> _Activity_
Without the images, print every line of the material below exactly as given.

> _Data extract_

- Opening Delimiter -

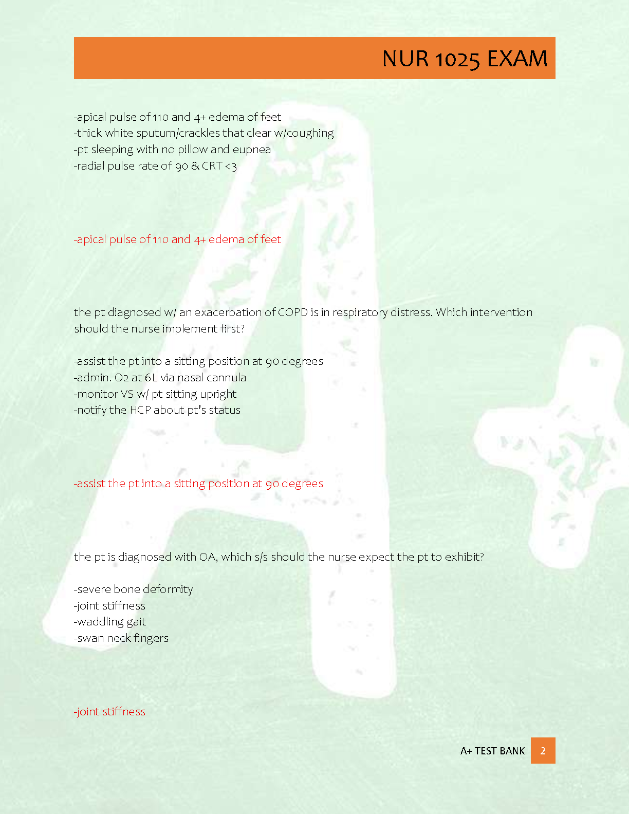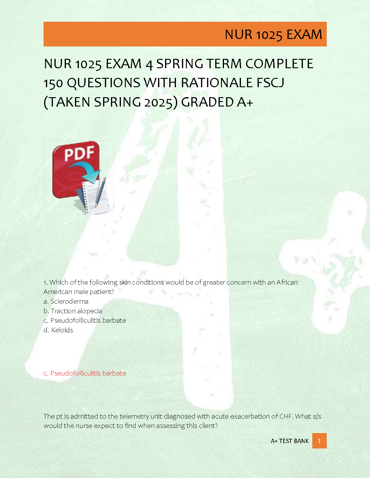 Ace your NUR 1025 Exam 4 with this comprehensive A+ graded test bank from Florida State College at Jacksonville (FSCJ). This latest Spring 2025 study guide features a complete set of 150 exam questions, each accompanied by a detailed rationale to ensure you understand the core concepts. This is the ultimate resource designed to help you master the material, pass your exam on the first attempt, and avoid resits. Get immediate access to verified answers and achieve top grades.
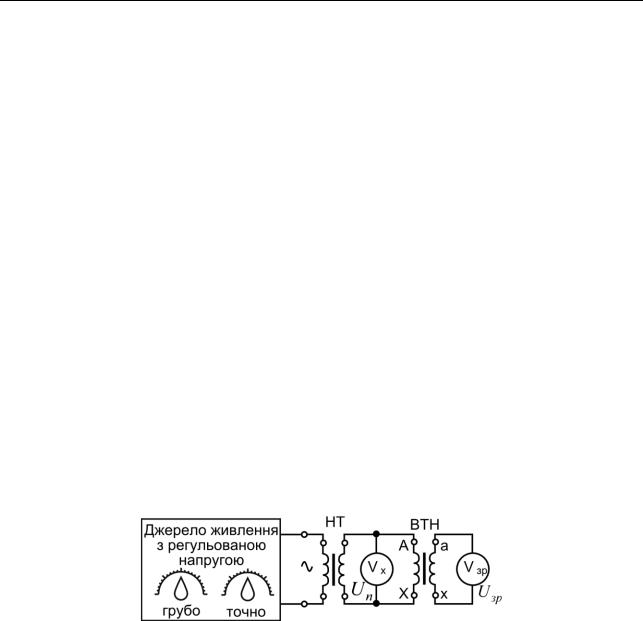 Рис. 5.6. Схема метрологічної перевірки вольтметрів змінного струму з межею вимірювання, що перевищує U к,Vзр або 1000 В з використанням ВТН
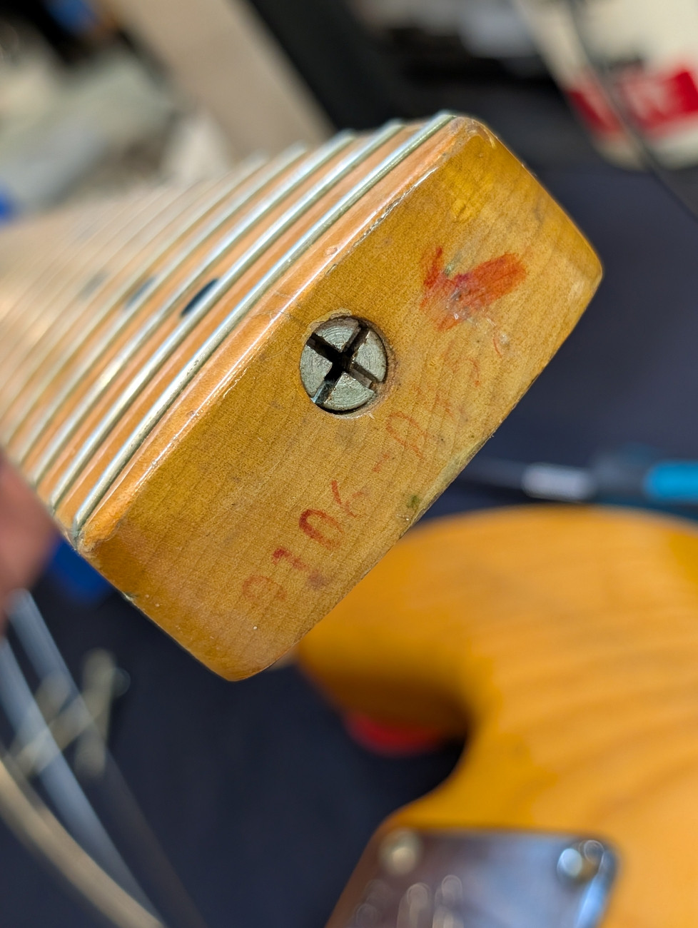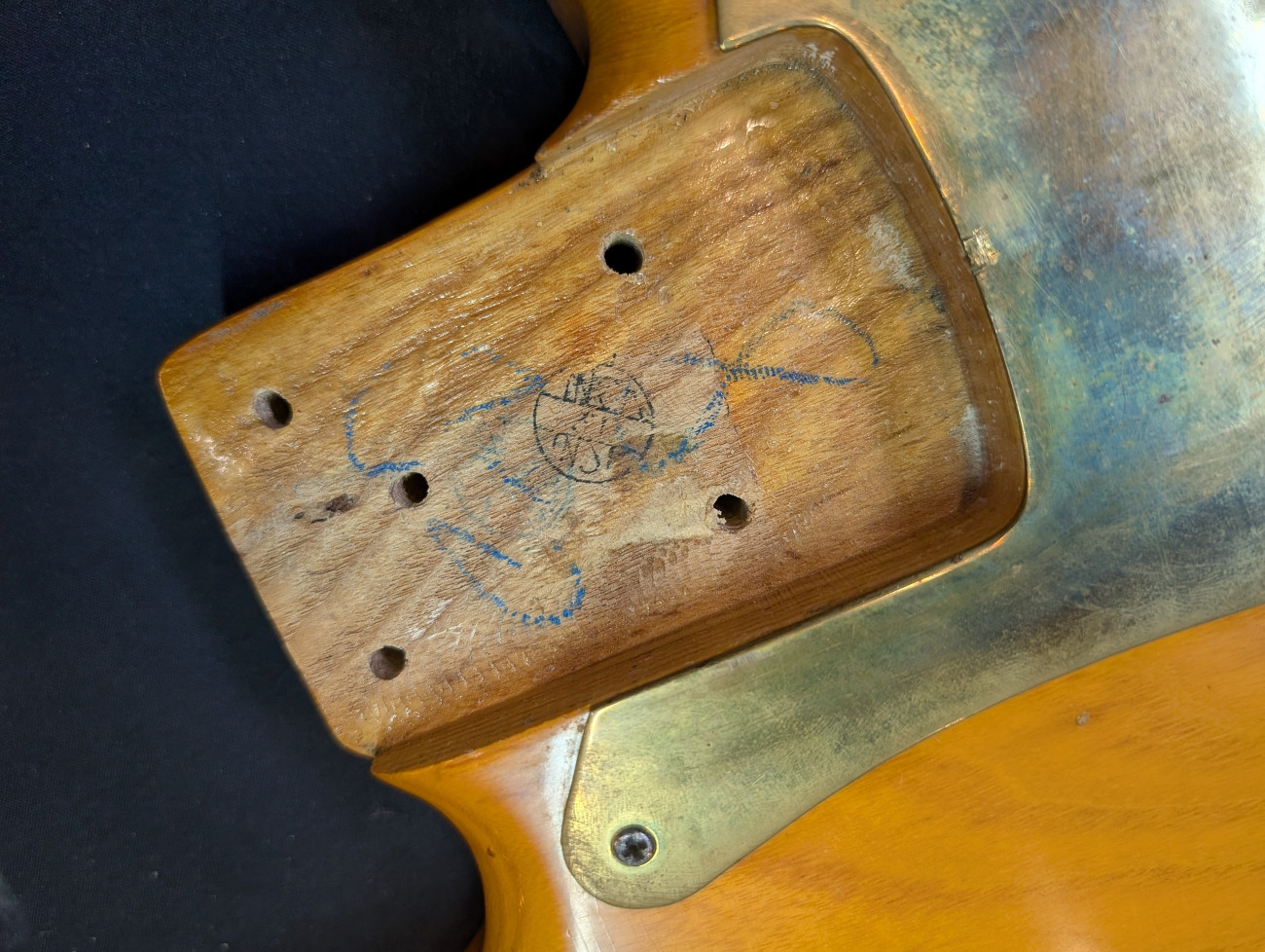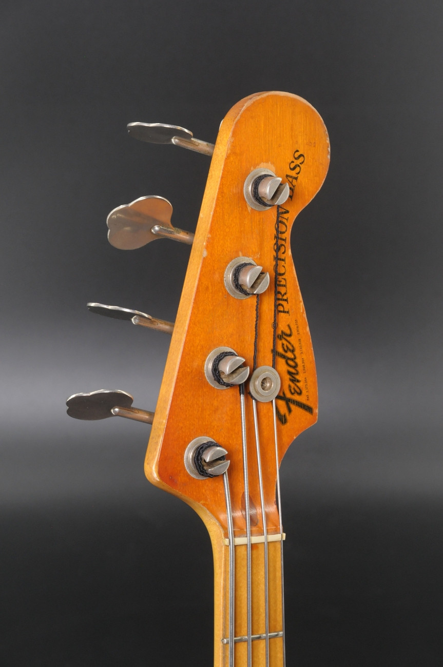 Here is a 1975 Fender Precision Bass with a natural finish, ash body, and maple neck and fingerboard. Serial number 626646.The bass plays and sounds great. Currently set up with flatwound strings it has that solid, authoritative Precision tone you’d expect from a mid '70s Fender. It is in good condition showing overall cosmetic wear that is entirely consistent with its age - nothing out of the ordinary for a 50-year-old instrument. The pickguard has been replaced with a solid brass guard, and the pickups were swapped out many years ago for EMG pickups. Based on the pots, the pickup change most likely dates to the 1980s. It is a great playing vintage Precision with some period correct mods. Includes the original hardshell case.

- Closing Delimiter -

> _Completed task_
 Ace your NUR 1025 Exam 4 with this comprehensive A+ graded test bank from Florida State College at Jacksonville (FSCJ). This latest Spring 2025 study guide features a complete set of 150 exam questions, each accompanied by a detailed rationale to ensure you understand the core concepts. This is the ultimate resource designed to help you master the material, pass your exam on the first attempt, and avoid resits. Get immediate access to verified answers and achieve top grades.
 Рис. 5.6. Схема метрологічної перевірки вольтметрів змінного струму з межею вимірювання, що перевищує U к,Vзр або 1000 В з використанням ВТН
 Here is a 1975 Fender Precision Bass with a natural finish, ash body, and maple neck and fingerboard. Serial number 626646.The bass plays and sounds great. Currently set up with flatwound strings it has that solid, authoritative Precision tone you’d expect from a mid '70s Fender. It is in good condition showing overall cosmetic wear that is entirely consistent with its age - nothing out of the ordinary for a 50-year-old instrument. The pickguard has been replaced with a solid brass guard, and the pickups were swapped out many years ago for EMG pickups. Based on the pots, the pickup change most likely dates to the 1980s. It is a great playing vintage Precision with some period correct mods. Includes the original hardshell case.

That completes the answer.